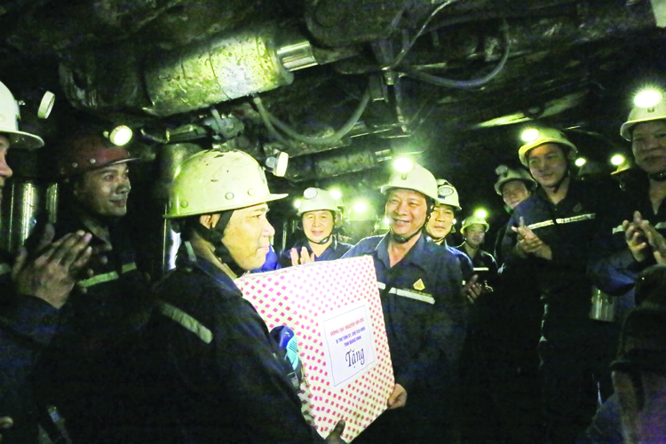 | Bí thư Tỉnh ủy Nguyễn Văn Đọc thăm và trao quà cho công nhân mỏ Hà Lầm đang làm việc ở độ sâu -300m Ảnh: Hùng Sơn |
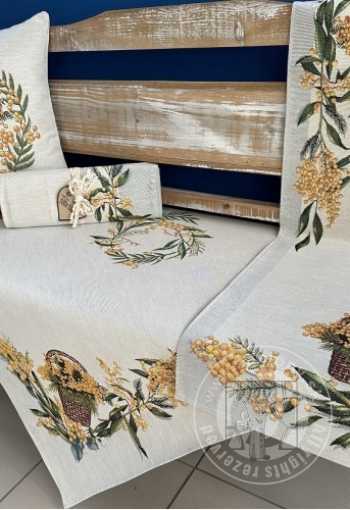 Gobelínový behúň na stôl s motívom lúčnych kvetov. Obrus navrhnutý z hrubej gobelínovej tkaniny zdobený kvetinovým vzorom je dekoráciou pripomínajúcou vintage štýl. Hrubšia tkanina zaručuje krásny efekt a vzor dosiahnutý technikou tkania spôsobuje, že obrus vyzerá krásne v interiéri v rustikálnom štýle aj v romantickej štylizácii.
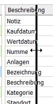 Die Spaltenbreite der beiden Felder Beschreibung und Wert können gegeneinander verändert werden.
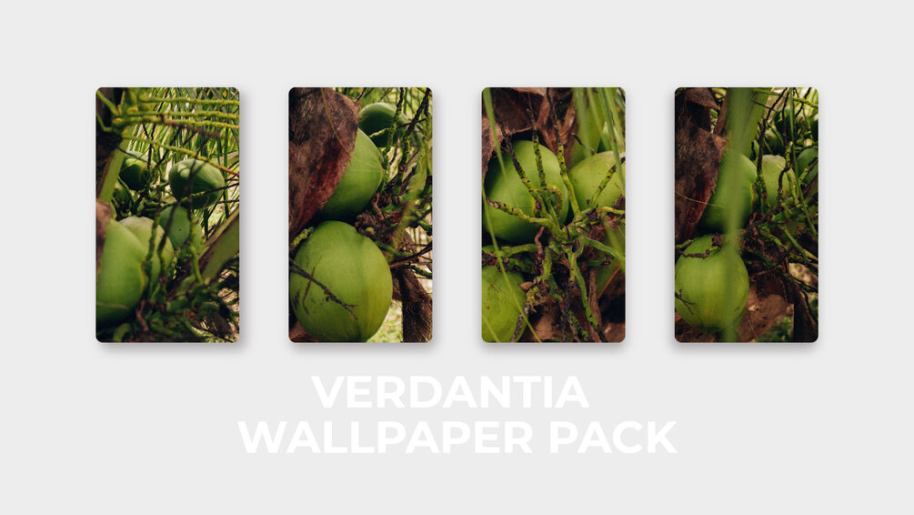 This pack includes four high-resolution images captured in the lush greenery of my backyard. Each wallpaper showcases the vibrant essence of verdant coconuts, offering a refreshing touch of nature to your digital devices.
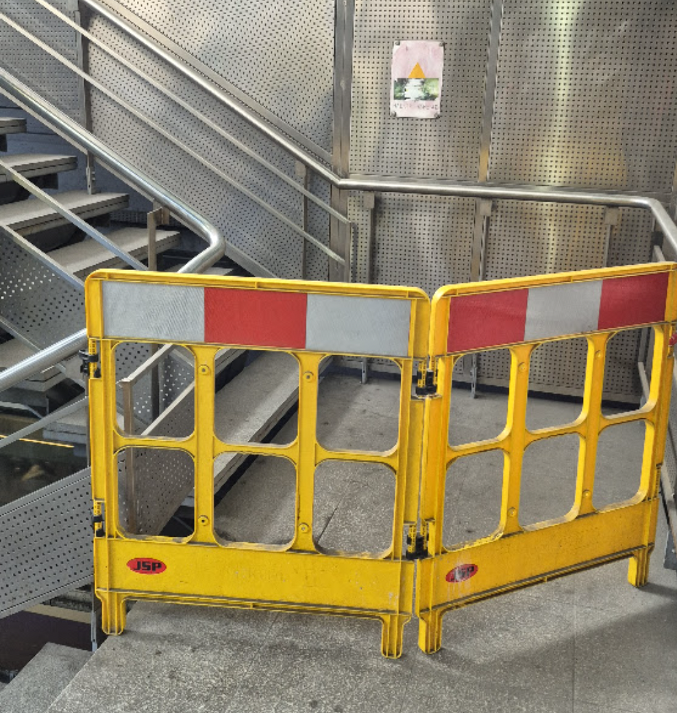Όπως φαίνεται και στις εικόνες, τα μεταλλικά μέρη των κλιμάκων έχουν υποστεί διάβρωση, ενώ δεν είναι λίγα τα σκαλοπάτια που παρουσιάζουν εμφανή κλίση προς τα κάτω, προφανώς λόγω του βάρους των επιβατών που χρησιμοποιούν τις ασυντήρητες εδώ και περίπου 20 χρόνια σκάλες. Επιπλέον, σε αρκετά σκαλοπάτια τμήματα του γρανίτη έχουν σπάσει, αυξάνοντας την επικινδυνότητά τους, ενώ τμήμα της σκάλας από την πλευρά των εκδοτηρίων εισιτηρίων παραμένει κλειστό εδώ και μήνες για τον ίδιο λόγο.
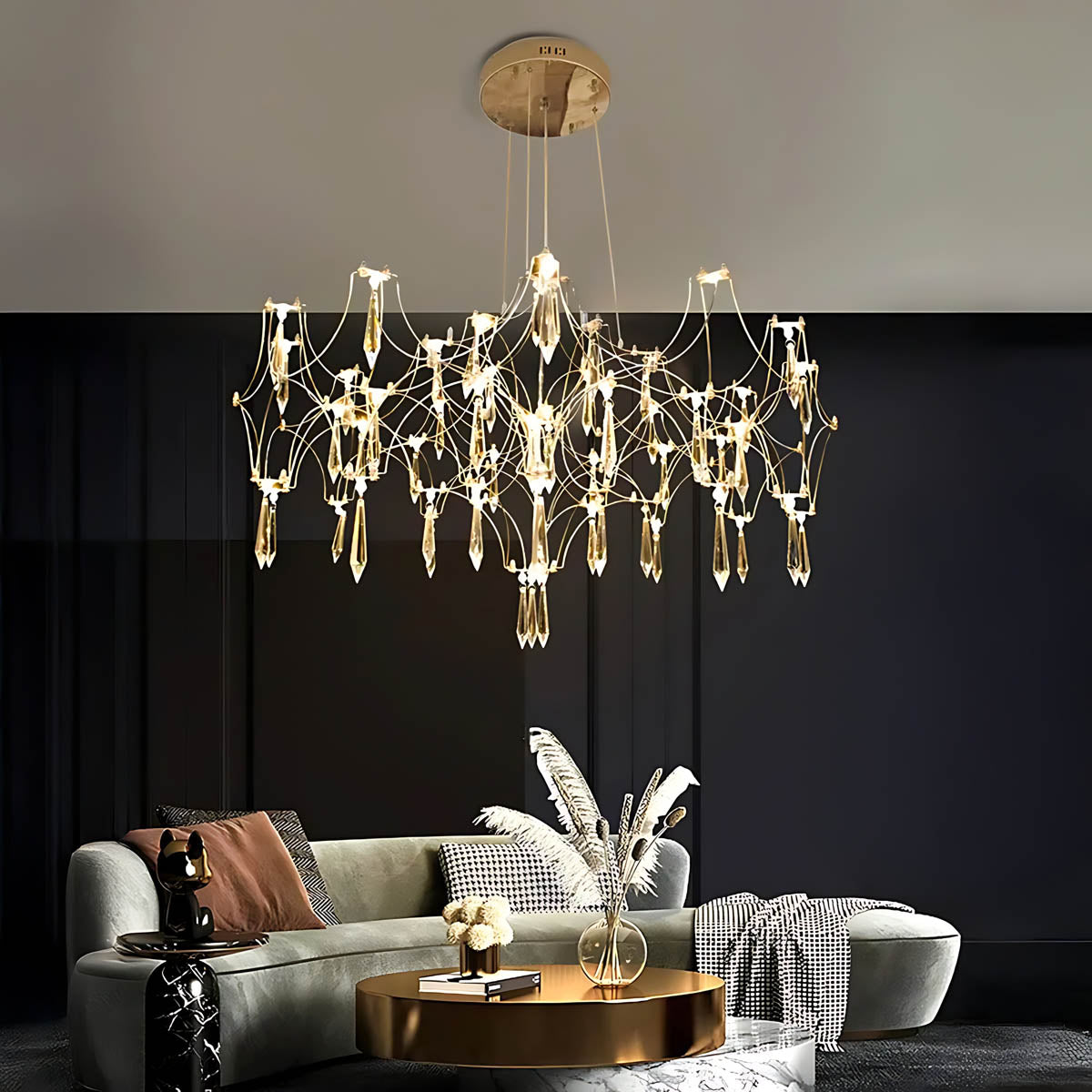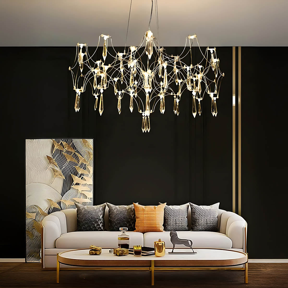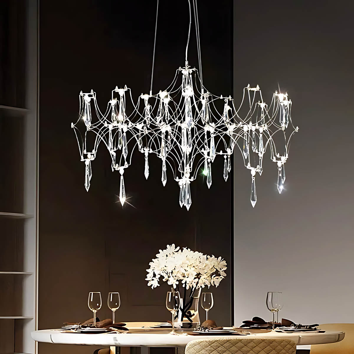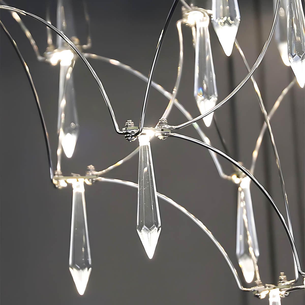 Hand-formed stainless steel branches cradle faceted crystal drops that catch and scatter light into a mesmerizing, prismatic glow, creating a statement centerpiece for living rooms, dining spaces, and grand entryways.
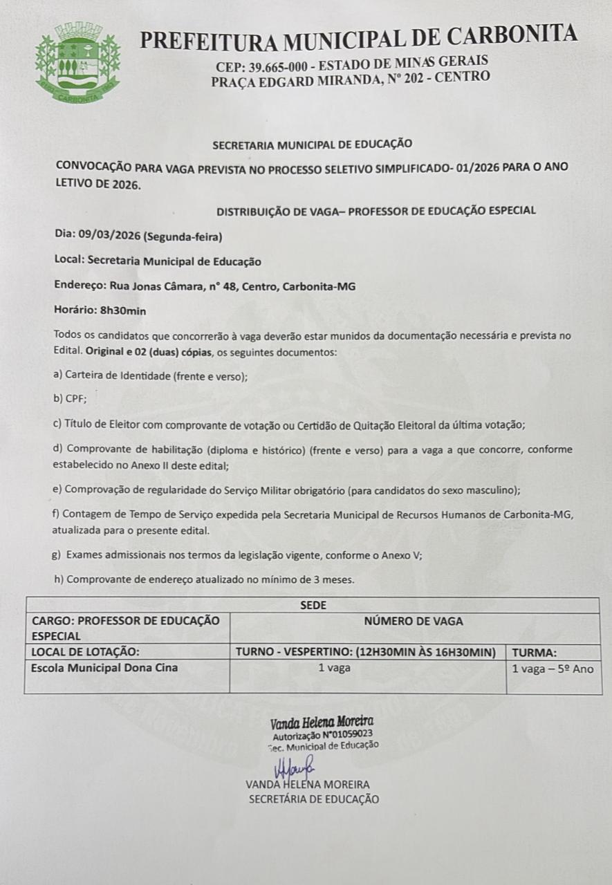 Convocação Vaga temporário Professor Educação Especial

**WHAT NEEDS TO BE DONE**. In your copy, repeat the records above exactly and include no images.

**OUTPUT**.
 | Bí thư Tỉnh ủy Nguyễn Văn Đọc thăm và trao quà cho công nhân mỏ Hà Lầm đang làm việc ở độ sâu -300m Ảnh: Hùng Sơn |
 Gobelínový behúň na stôl s motívom lúčnych kvetov. Obrus navrhnutý z hrubej gobelínovej tkaniny zdobený kvetinovým vzorom je dekoráciou pripomínajúcou vintage štýl. Hrubšia tkanina zaručuje krásny efekt a vzor dosiahnutý technikou tkania spôsobuje, že obrus vyzerá krásne v interiéri v rustikálnom štýle aj v romantickej štylizácii.
 Die Spaltenbreite der beiden Felder Beschreibung und Wert können gegeneinander verändert werden.
 This pack includes four high-resolution images captured in the lush greenery of my backyard. Each wallpaper showcases the vibrant essence of verdant coconuts, offering a refreshing touch of nature to your digital devices.
Όπως φαίνεται και στις εικόνες, τα μεταλλικά μέρη των κλιμάκων έχουν υποστεί διάβρωση, ενώ δεν είναι λίγα τα σκαλοπάτια που παρουσιάζουν εμφανή κλίση προς τα κάτω, προφανώς λόγω του βάρους των επιβατών που χρησιμοποιούν τις ασυντήρητες εδώ και περίπου 20 χρόνια σκάλες. Επιπλέον, σε αρκετά σκαλοπάτια τμήματα του γρανίτη έχουν σπάσει, αυξάνοντας την επικινδυνότητά τους, ενώ τμήμα της σκάλας από την πλευρά των εκδοτηρίων εισιτηρίων παραμένει κλειστό εδώ και μήνες για τον ίδιο λόγο.
 Hand-formed stainless steel branches cradle faceted crystal drops that catch and scatter light into a mesmerizing, prismatic glow, creating a statement centerpiece for living rooms, dining spaces, and grand entryways.
 Convocação Vaga temporário Professor Educação Especial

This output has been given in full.